Work item:
Give back the exact lines of the material below from the one containing "Fig. 1 und 2" through the one containing "Figura 9 Es", and no pictures.

Given data section start

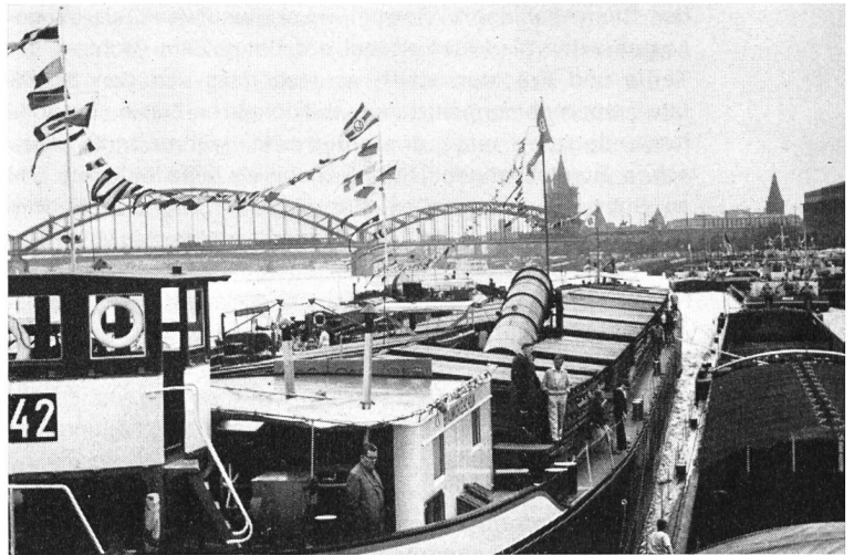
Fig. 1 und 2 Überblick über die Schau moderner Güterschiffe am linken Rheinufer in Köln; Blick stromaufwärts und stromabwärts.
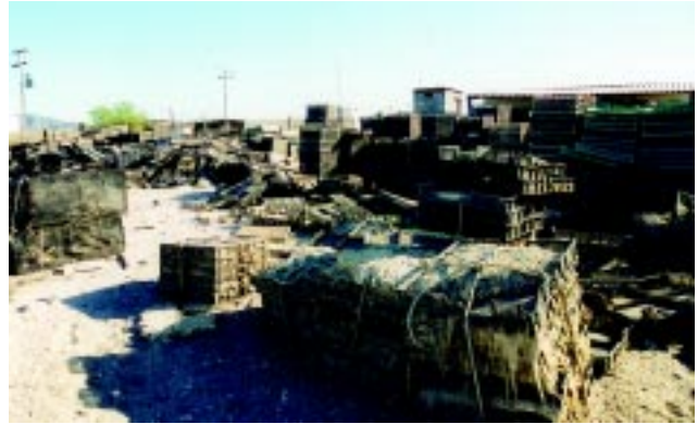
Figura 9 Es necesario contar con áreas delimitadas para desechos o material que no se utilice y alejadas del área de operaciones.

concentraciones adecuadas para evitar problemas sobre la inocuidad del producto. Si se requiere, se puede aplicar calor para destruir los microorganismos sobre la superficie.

Given data section end
Given data section start

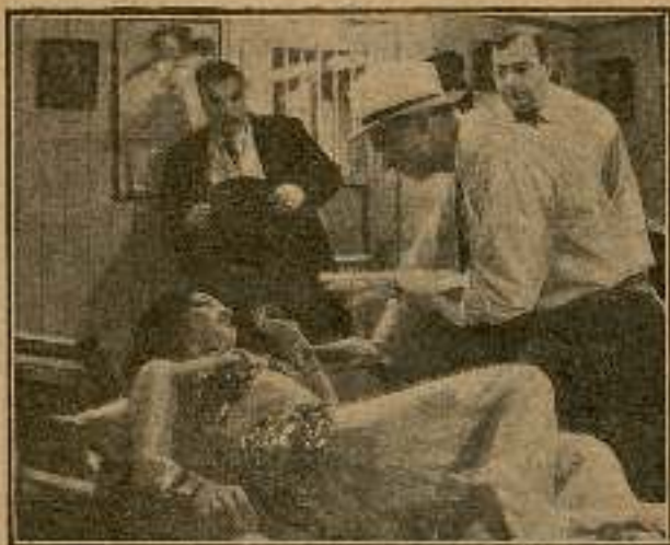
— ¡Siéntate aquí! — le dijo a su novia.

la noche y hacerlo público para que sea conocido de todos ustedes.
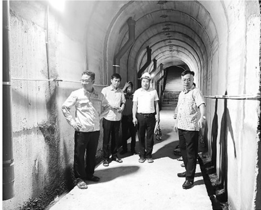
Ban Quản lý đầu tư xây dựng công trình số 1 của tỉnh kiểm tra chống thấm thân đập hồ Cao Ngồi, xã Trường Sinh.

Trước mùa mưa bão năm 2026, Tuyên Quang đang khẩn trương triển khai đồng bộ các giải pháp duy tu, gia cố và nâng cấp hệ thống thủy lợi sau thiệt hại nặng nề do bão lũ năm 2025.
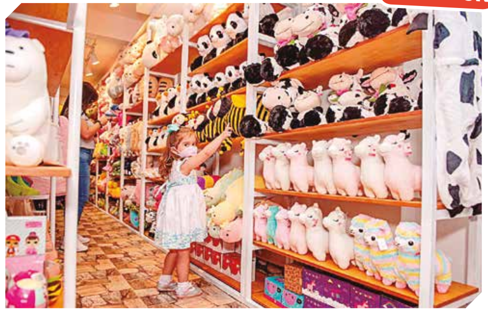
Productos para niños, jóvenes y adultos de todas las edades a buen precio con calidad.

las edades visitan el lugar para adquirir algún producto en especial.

Given data section end

Solved problem:
Fig. 1 und 2 Überblick über die Schau moderner Güterschiffe am linken Rheinufer in Köln; Blick stromaufwärts und stromabwärts.
Figura 9 Es necesario contar con áreas delimitadas para desechos o material que no se utilice y alejadas del área de operaciones.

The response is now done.